Andrei vagin - MCC ICF
Slow Down
to Decide Faster
The counterintuitive leadership edge that most
high-performers never develop.
It feels like I'm digging with a shovel
while someone else is filling it in
with a bulldozer.

By Andrei Vagin · Executive Coach, MCC ICF
THE PROBLEM

You are moving at full speed. The inbox is full, the
calls are back to back, and every task arrives marked
urgent. You are handling it all — and somehow falling
further behind.

There is a name for this feeling. One of my clients
described it precisely: "It feels like I'm digging with
a shovel while someone else is filling it in with a
bulldozer."

He was a senior leader at an oil company, heading a
division responsible for repairing extraction equipment.
Everything was urgent. Everything was critical. He had
stopped having dinner with his family. Stopped talking
to his children. He was always at work — and always
behind.

The problem was not his work ethic. It was his speed.
Most senior leaders believe that speed is the answer
to overload. But speed without pause is not efficiency.
It is reaction — continuous, exhausting,
and increasingly inaccurate.
The Racing Driver Who Forgot to Breathe
Before his corporate career, he had been a professional
racing driver. He understood engines — how they worked,
what they needed, what happened when you pushed them
past their limits.

In one of our meditative coaching sessions, I asked him:
Do you warm up the engine before you drive?
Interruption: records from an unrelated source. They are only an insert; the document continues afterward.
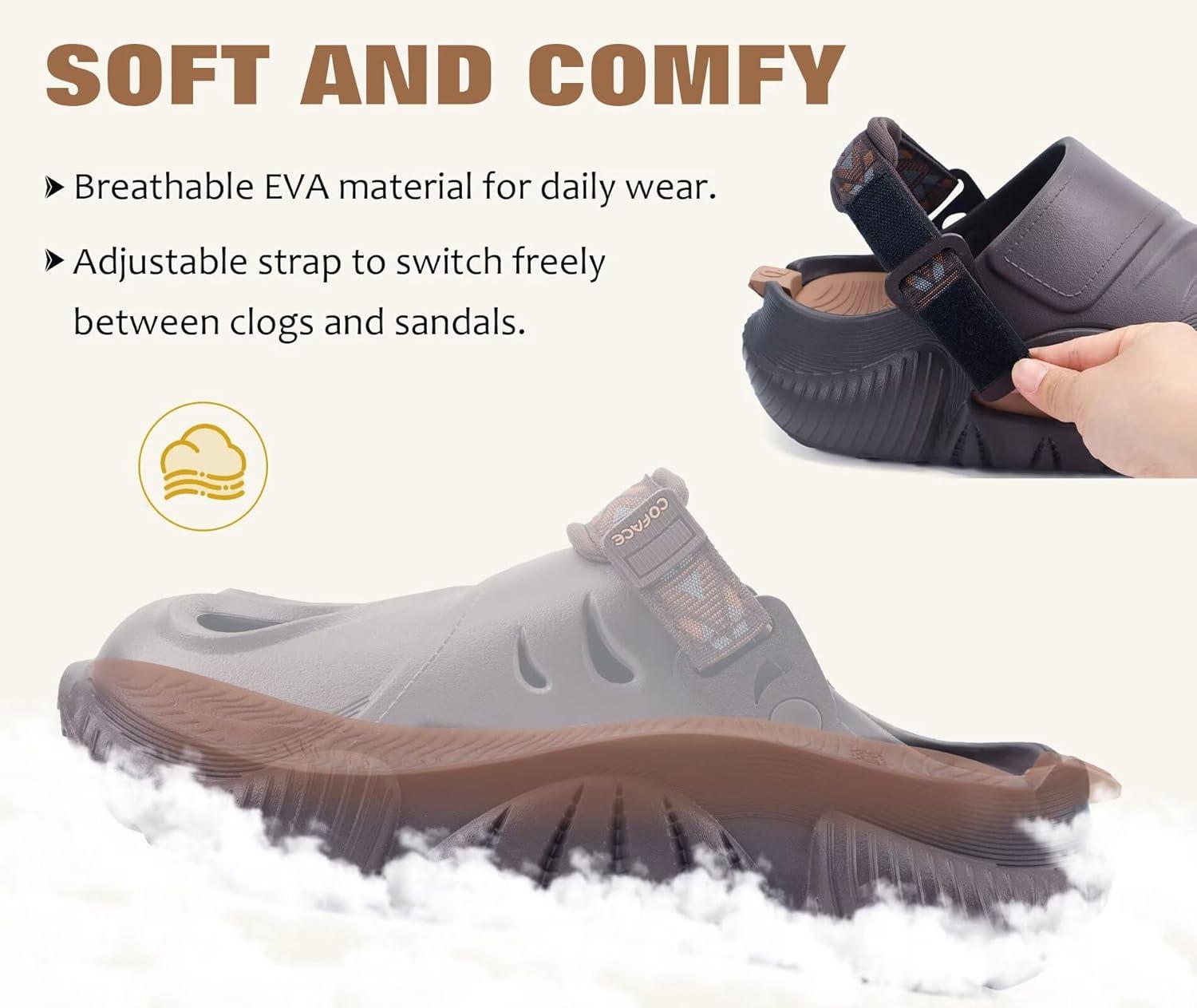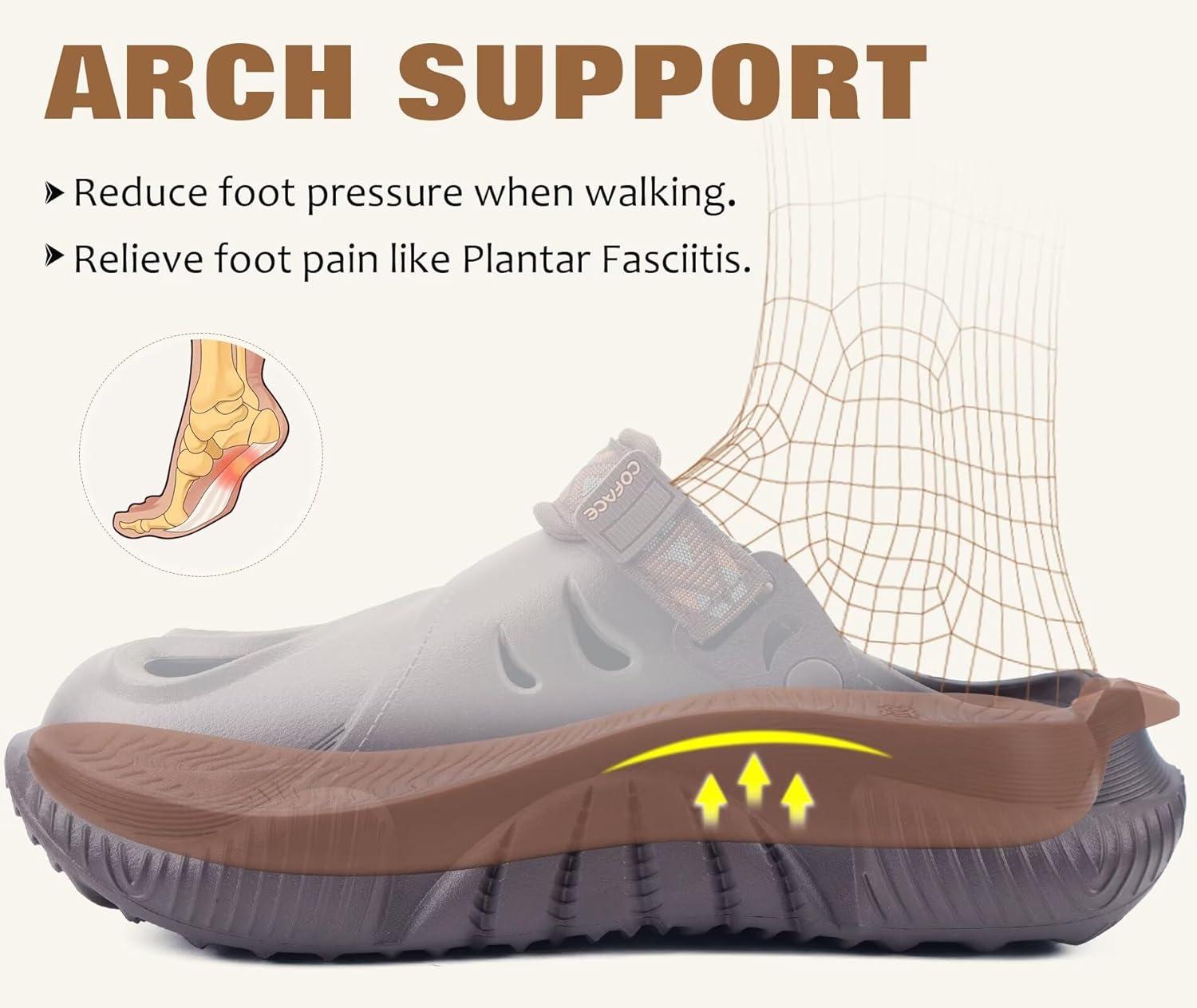 imageCOFACE Mens Recovery Clogs Comfortable Walking Thick Cushion Sandals Sport Casual Orthopedic Mules with Plantar Fasciitis Arch SupportCamo Beige Brown
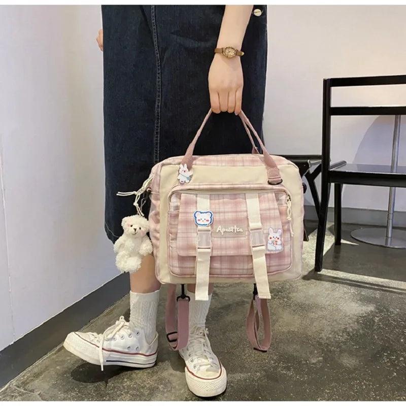 Description:This women's backpack is made of durable canvas material and features a stylish badge design. It is perfect for carrying your essentials in a small and compact size, making it ideal for school or daily use.Features: Made of durable canvas material Stylish badge design Perfect for school or daily use...
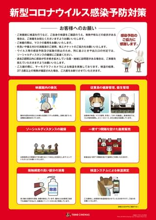 ソーシャルディスタンス(社会的距離)の確保に関しては、飛沫感染防止のため前後左右に1席ずつ間隔を空けたチェスボード盤方式で座席指定券を販売する。ロビーのソファー、廃テーブルは撤去するという。そして当面は午後8時以降開始の上映は休止する。同社の感染予防措置についての詳細は、公式サイト()で確認することができる。
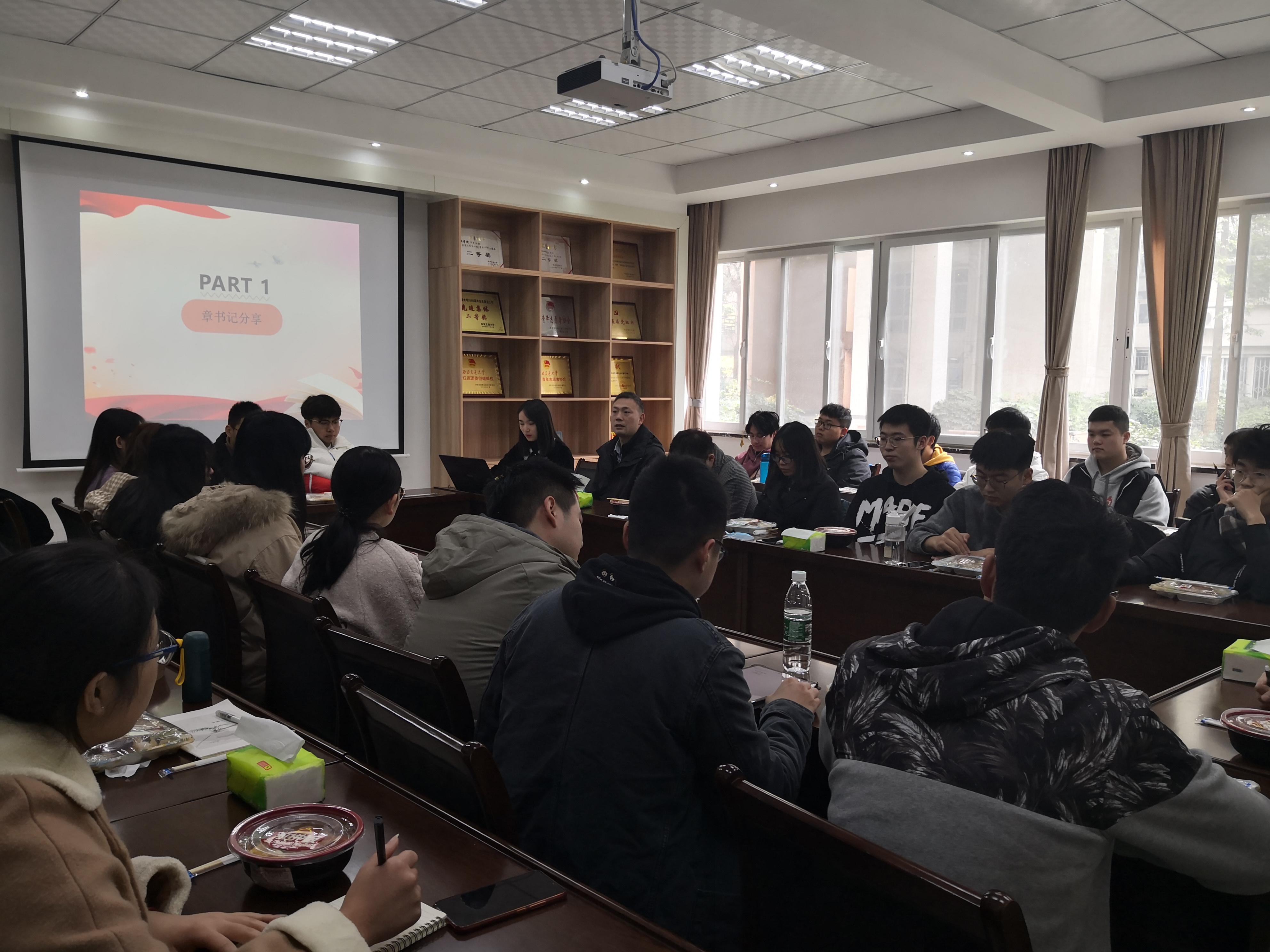 党委副书记、纪委书记、学生工作组组长章春军,2018级辅导员梁喻嘉、罗丹,以及2018级各班班长,团支书。首先,梁喻嘉老师向同学们介绍了本次活动的主题:做好班团建设,加强学风建设。
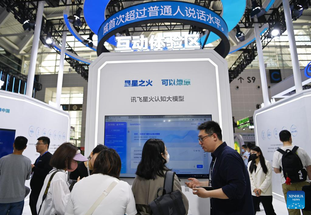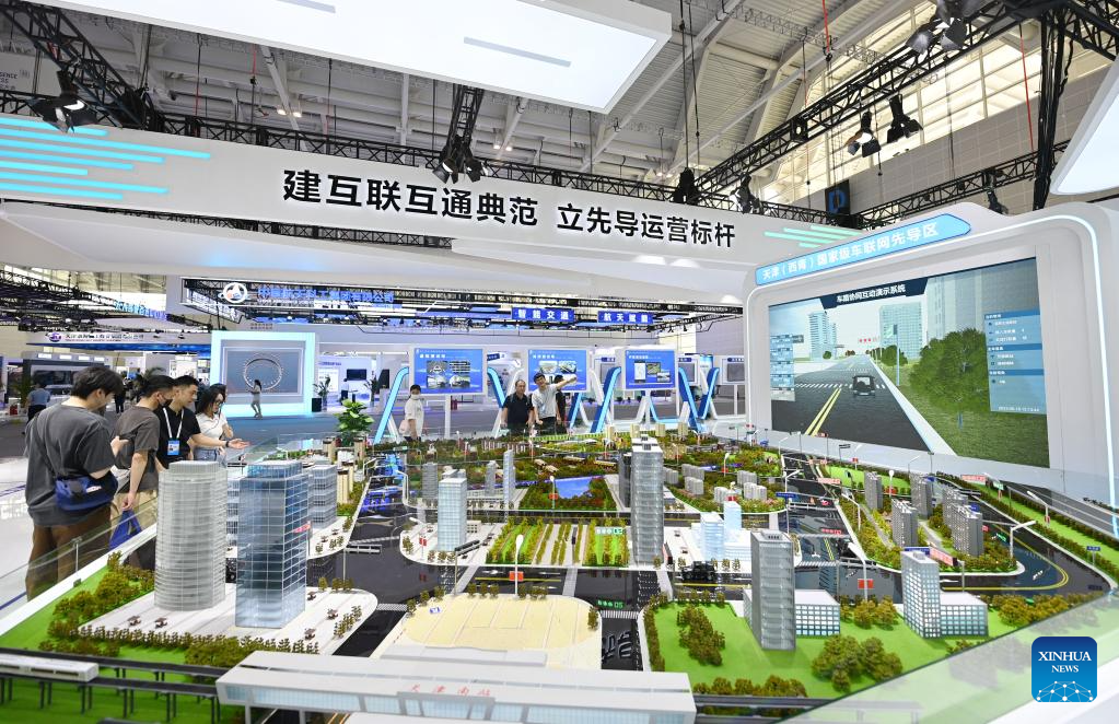 People visit an intelligent technology exhibition during the seventh World Intelligence Congress (WIC) in north China's Tianjin, May 18, 2023. The seventh WIC, a major AI event in China, kicked off in the northern Tianjin Municipality on Thursday. (Xinhua/Zhao Zishuo)

Of course, he said. Every time.

And what happens to an engine that runs at maximum RPM
without rest?

He knew the answer.

We talked about gear shifts — how a driver releases the
clutch between gears, that brief moment of disengagement
that makes the next acceleration possible. Without it,
the transmission breaks.

I offered him a practice: ten conscious breaths between
tasks. Not a break. Not a reward. A gear shift. A moment
to let the engine breathe before the next demand.

He learned to stop. And stopping changed everything.
CORE PRINCIPLE
Ten breaths. One question.
What matters most right now?
That is not lost time. That is the gear shift
that makes the next move possible.
CLIENT CASE · Oil & Gas Executive
Head of Equipment Maintenance · Large energy company
In our meditative coaching sessions, we began each
conversation by settling the mind — a short guided
meditation to shift from reactive noise to composed
awareness. From that state, we worked with one
question that kept surfacing:

What is most important to me right now?

Not to the schedule. Not to the inbox. To him.

At 260 km/h on a racing track, you see only the edge
of the road and the lane markings. Everything else
disappears. He had been living his professional life
at that speed — for years.

When he learned to slow down — to take ten breaths,
to ask himself one question — something shifted.
He described it like this:

"It's as if I used to drive in a frenzy at 260 km/h and noticed nothing but the asphalt. Now I slowed down, opened the window, and breathed in forest air. I saw how beautiful everything around me was."

He stopped trying to finish all the work. He learned
to say no — calmly, without guilt, without apology.
He found a role model in his organization: a respected
colleague who moved without urgency, who carried
authority without noise. He became that person.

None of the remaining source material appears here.